**What the exercise asks:**
Could you copy the records below exactly, leaving out any pictures?

**** Source material ****

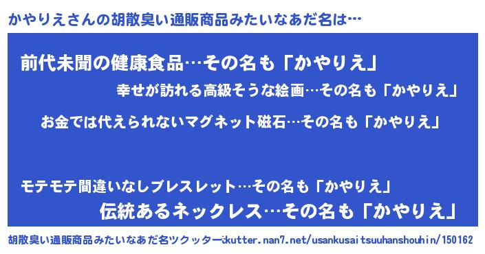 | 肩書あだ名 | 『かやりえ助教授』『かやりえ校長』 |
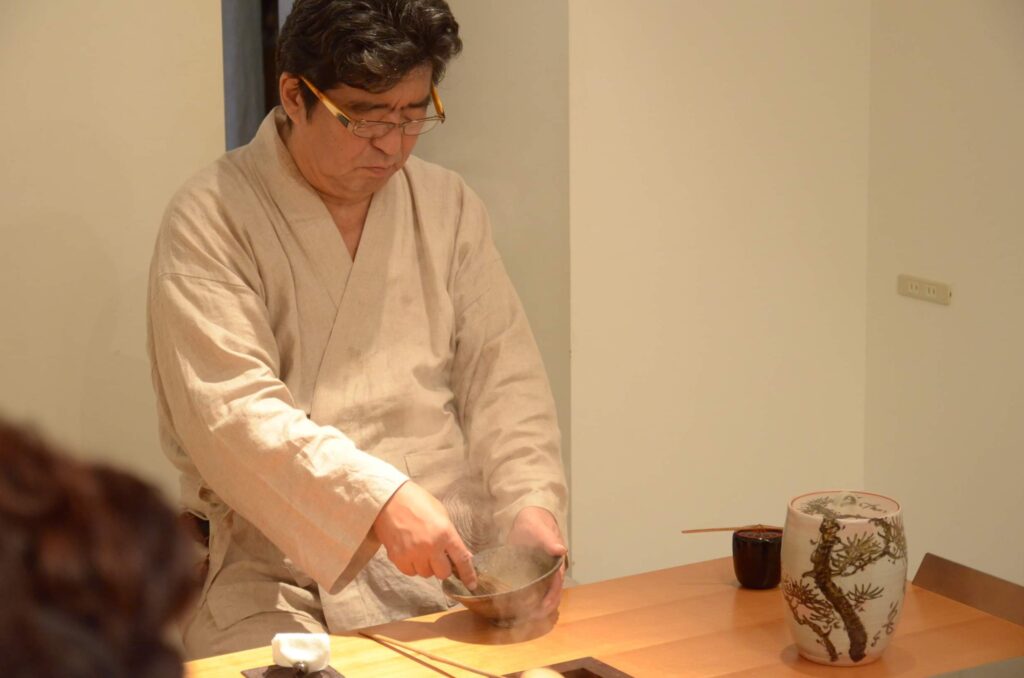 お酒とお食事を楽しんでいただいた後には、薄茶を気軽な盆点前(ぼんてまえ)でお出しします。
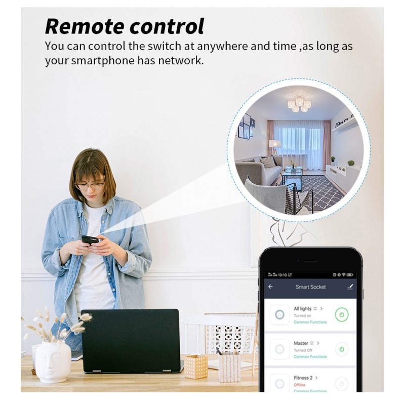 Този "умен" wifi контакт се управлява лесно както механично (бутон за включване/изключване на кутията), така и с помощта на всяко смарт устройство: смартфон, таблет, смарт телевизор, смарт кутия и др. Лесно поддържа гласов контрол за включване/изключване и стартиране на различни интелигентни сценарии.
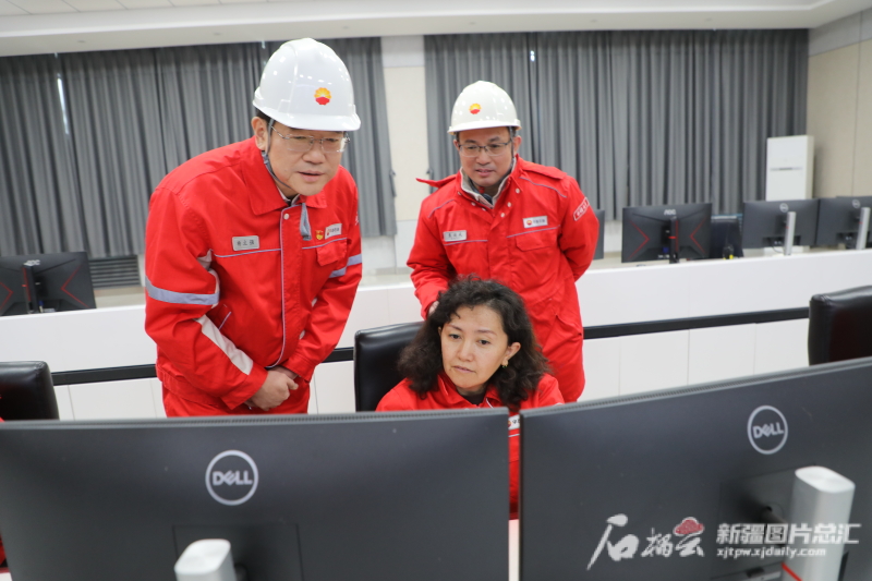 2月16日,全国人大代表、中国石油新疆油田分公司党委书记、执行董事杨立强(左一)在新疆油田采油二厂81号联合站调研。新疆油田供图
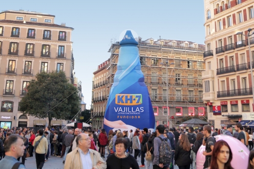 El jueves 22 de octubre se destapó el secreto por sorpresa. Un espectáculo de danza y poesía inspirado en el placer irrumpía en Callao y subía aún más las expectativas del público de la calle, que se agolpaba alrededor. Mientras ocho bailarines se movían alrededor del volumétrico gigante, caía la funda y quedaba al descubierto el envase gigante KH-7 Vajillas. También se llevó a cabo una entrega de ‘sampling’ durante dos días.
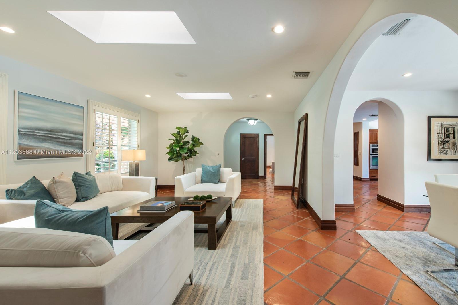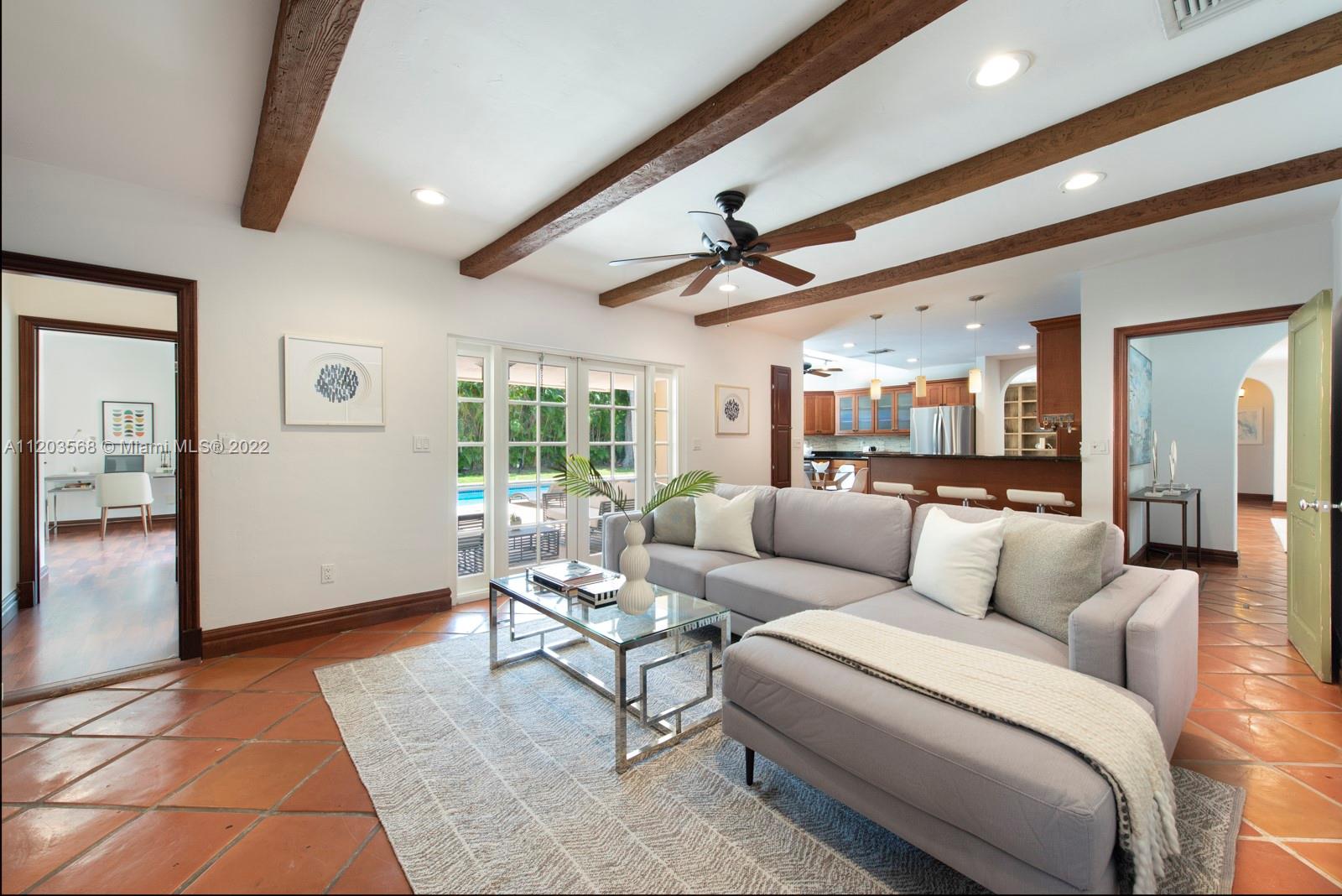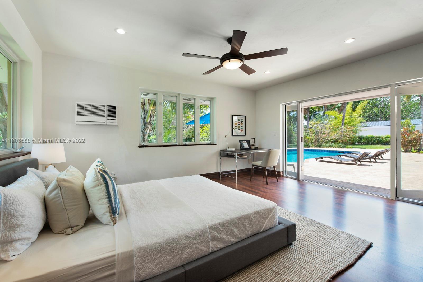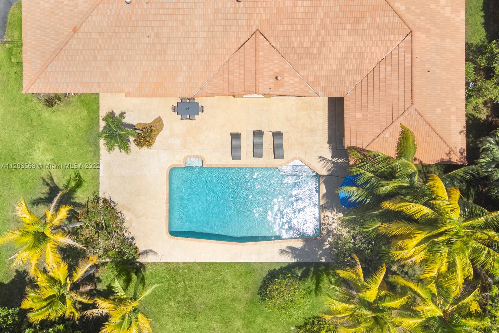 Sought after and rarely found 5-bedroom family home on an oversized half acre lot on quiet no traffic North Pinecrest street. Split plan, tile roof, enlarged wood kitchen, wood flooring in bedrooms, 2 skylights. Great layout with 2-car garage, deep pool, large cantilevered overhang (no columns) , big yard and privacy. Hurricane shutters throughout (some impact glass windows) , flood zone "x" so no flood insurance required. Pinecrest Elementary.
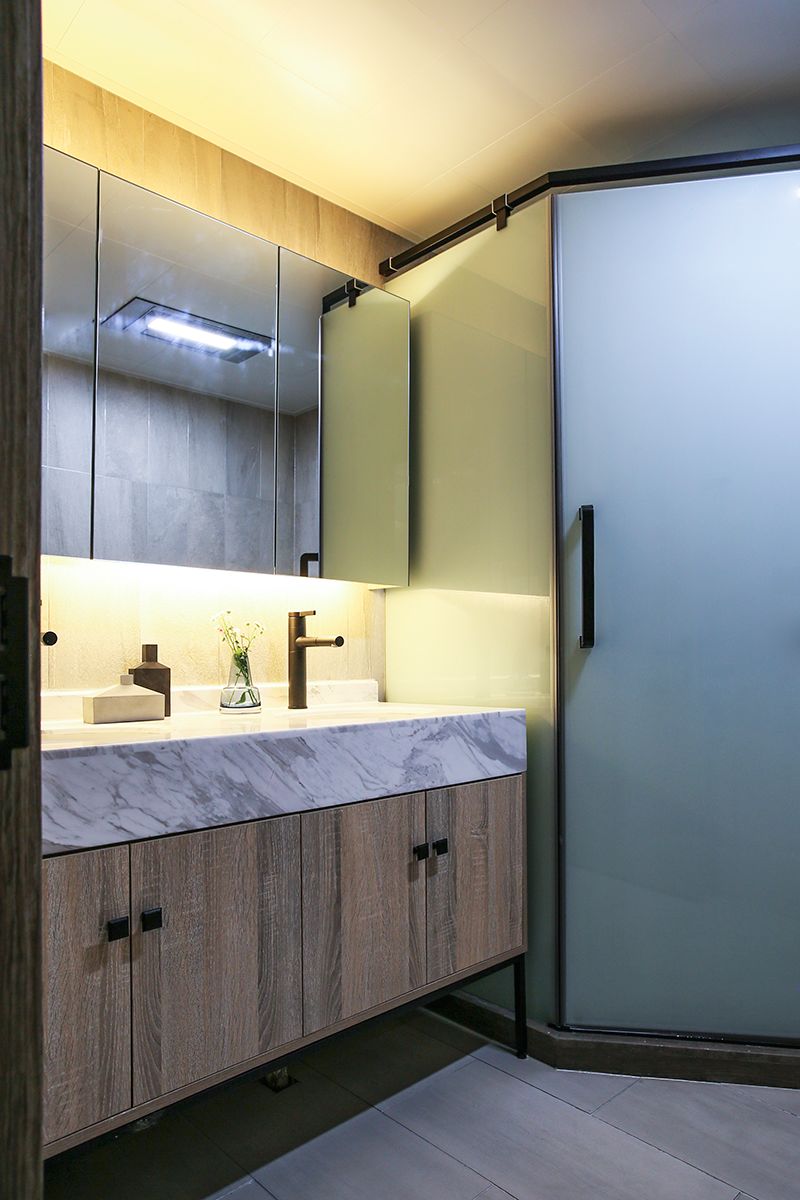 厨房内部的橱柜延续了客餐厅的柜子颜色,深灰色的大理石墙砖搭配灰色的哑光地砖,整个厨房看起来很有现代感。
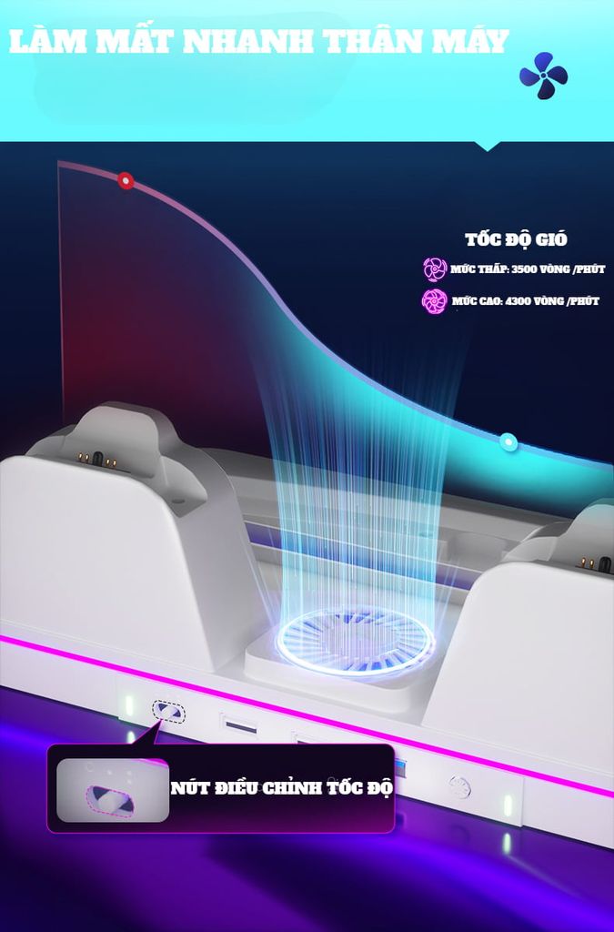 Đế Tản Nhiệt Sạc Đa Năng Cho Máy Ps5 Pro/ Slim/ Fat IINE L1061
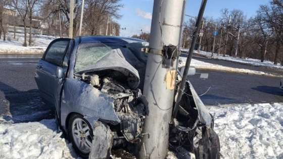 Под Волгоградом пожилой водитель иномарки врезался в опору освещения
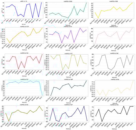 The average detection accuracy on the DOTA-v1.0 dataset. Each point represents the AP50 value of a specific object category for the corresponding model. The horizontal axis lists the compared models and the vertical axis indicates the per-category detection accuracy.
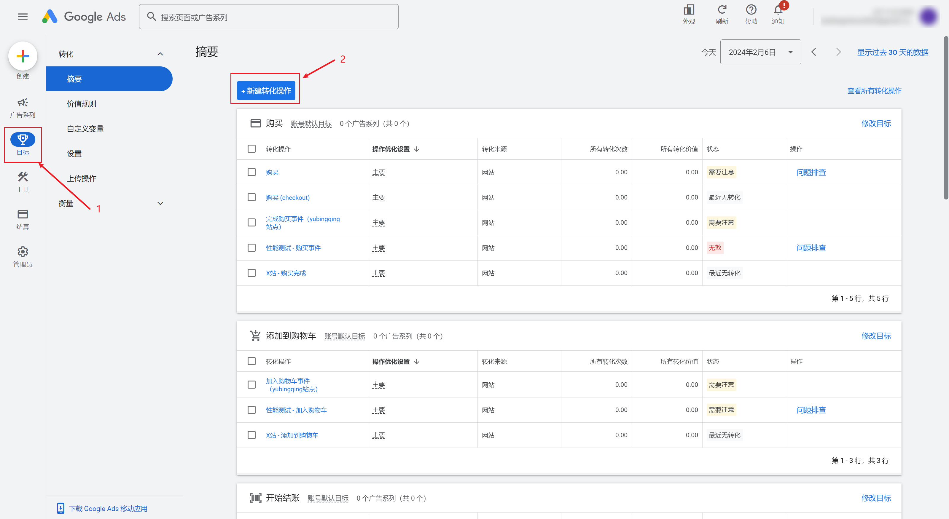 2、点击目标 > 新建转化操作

****

**Task solution:**
 | 肩書あだ名 | 『かやりえ助教授』『かやりえ校長』 |
 お酒とお食事を楽しんでいただいた後には、薄茶を気軽な盆点前(ぼんてまえ)でお出しします。
 Този "умен" wifi контакт се управлява лесно както механично (бутон за включване/изключване на кутията), така и с помощта на всяко смарт устройство: смартфон, таблет, смарт телевизор, смарт кутия и др. Лесно поддържа гласов контрол за включване/изключване и стартиране на различни интелигентни сценарии.
 2月16日,全国人大代表、中国石油新疆油田分公司党委书记、执行董事杨立强(左一)在新疆油田采油二厂81号联合站调研。新疆油田供图
 El jueves 22 de octubre se destapó el secreto por sorpresa. Un espectáculo de danza y poesía inspirado en el placer irrumpía en Callao y subía aún más las expectativas del público de la calle, que se agolpaba alrededor. Mientras ocho bailarines se movían alrededor del volumétrico gigante, caía la funda y quedaba al descubierto el envase gigante KH-7 Vajillas. También se llevó a cabo una entrega de ‘sampling’ durante dos días.
 Sought after and rarely found 5-bedroom family home on an oversized half acre lot on quiet no traffic North Pinecrest street. Split plan, tile roof, enlarged wood kitchen, wood flooring in bedrooms, 2 skylights. Great layout with 2-car garage, deep pool, large cantilevered overhang (no columns) , big yard and privacy. Hurricane shutters throughout (some impact glass windows) , flood zone "x" so no flood insurance required. Pinecrest Elementary.
 厨房内部的橱柜延续了客餐厅的柜子颜色,深灰色的大理石墙砖搭配灰色的哑光地砖,整个厨房看起来很有现代感。
 Đế Tản Nhiệt Sạc Đa Năng Cho Máy Ps5 Pro/ Slim/ Fat IINE L1061
 Под Волгоградом пожилой водитель иномарки врезался в опору освещения
 The average detection accuracy on the DOTA-v1.0 dataset. Each point represents the AP50 value of a specific object category for the corresponding model. The horizontal axis lists the compared models and the vertical axis indicates the per-category detection accuracy.
 2、点击目标 > 新建转化操作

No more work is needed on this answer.